Your task: How do the lines below between the ones holding "ATAQUE CONTRA UM" and "του Νίκου Χατζηνικολάου.", inclusive, read? Give them again exactly, with no other lines.

Data provided:
★ ★ ★

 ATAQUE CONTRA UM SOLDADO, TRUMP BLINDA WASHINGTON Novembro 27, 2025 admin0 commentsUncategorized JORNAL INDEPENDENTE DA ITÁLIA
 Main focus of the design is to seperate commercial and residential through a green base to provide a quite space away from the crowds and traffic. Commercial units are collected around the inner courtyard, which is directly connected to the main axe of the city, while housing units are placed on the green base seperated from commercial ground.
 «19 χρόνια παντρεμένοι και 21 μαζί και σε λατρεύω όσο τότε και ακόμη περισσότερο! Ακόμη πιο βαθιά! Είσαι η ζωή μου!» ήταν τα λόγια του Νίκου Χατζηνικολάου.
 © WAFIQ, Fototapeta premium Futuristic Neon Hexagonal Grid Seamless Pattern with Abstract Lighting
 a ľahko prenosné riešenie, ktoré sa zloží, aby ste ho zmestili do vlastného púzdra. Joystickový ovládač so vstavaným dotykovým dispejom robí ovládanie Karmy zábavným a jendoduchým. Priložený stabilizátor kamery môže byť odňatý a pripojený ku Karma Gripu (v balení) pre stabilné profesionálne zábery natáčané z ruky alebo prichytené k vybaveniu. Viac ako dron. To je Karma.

★ ★ ★

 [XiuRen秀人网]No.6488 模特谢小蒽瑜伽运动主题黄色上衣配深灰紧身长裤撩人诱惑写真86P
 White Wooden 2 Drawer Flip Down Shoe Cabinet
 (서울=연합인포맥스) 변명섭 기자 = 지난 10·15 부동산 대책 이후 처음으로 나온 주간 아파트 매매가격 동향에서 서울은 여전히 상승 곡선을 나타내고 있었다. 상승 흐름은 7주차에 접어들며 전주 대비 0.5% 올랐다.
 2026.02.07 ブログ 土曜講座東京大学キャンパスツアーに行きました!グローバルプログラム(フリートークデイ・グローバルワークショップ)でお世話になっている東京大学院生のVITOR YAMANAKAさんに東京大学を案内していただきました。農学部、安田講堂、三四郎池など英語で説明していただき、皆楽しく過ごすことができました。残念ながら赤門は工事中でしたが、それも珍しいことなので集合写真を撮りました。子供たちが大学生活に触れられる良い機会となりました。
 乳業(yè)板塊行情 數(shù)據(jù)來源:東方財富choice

★ ★ ★

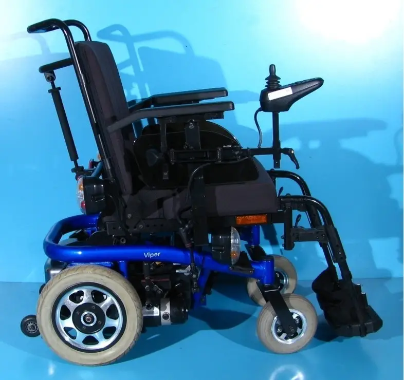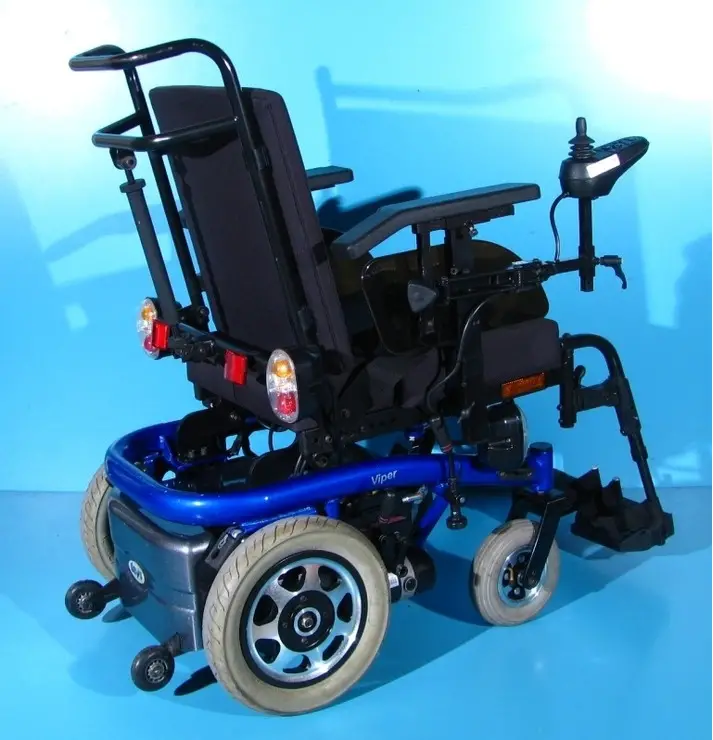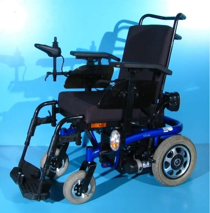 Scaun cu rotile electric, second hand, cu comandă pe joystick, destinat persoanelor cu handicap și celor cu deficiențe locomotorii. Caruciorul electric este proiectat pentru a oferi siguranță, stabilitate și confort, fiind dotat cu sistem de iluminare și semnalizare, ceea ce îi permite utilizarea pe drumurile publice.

★ ★ ★

Task result:
 ATAQUE CONTRA UM SOLDADO, TRUMP BLINDA WASHINGTON Novembro 27, 2025 admin0 commentsUncategorized JORNAL INDEPENDENTE DA ITÁLIA
 Main focus of the design is to seperate commercial and residential through a green base to provide a quite space away from the crowds and traffic. Commercial units are collected around the inner courtyard, which is directly connected to the main axe of the city, while housing units are placed on the green base seperated from commercial ground.
 «19 χρόνια παντρεμένοι και 21 μαζί και σε λατρεύω όσο τότε και ακόμη περισσότερο! Ακόμη πιο βαθιά! Είσαι η ζωή μου!» ήταν τα λόγια του Νίκου Χατζηνικολάου.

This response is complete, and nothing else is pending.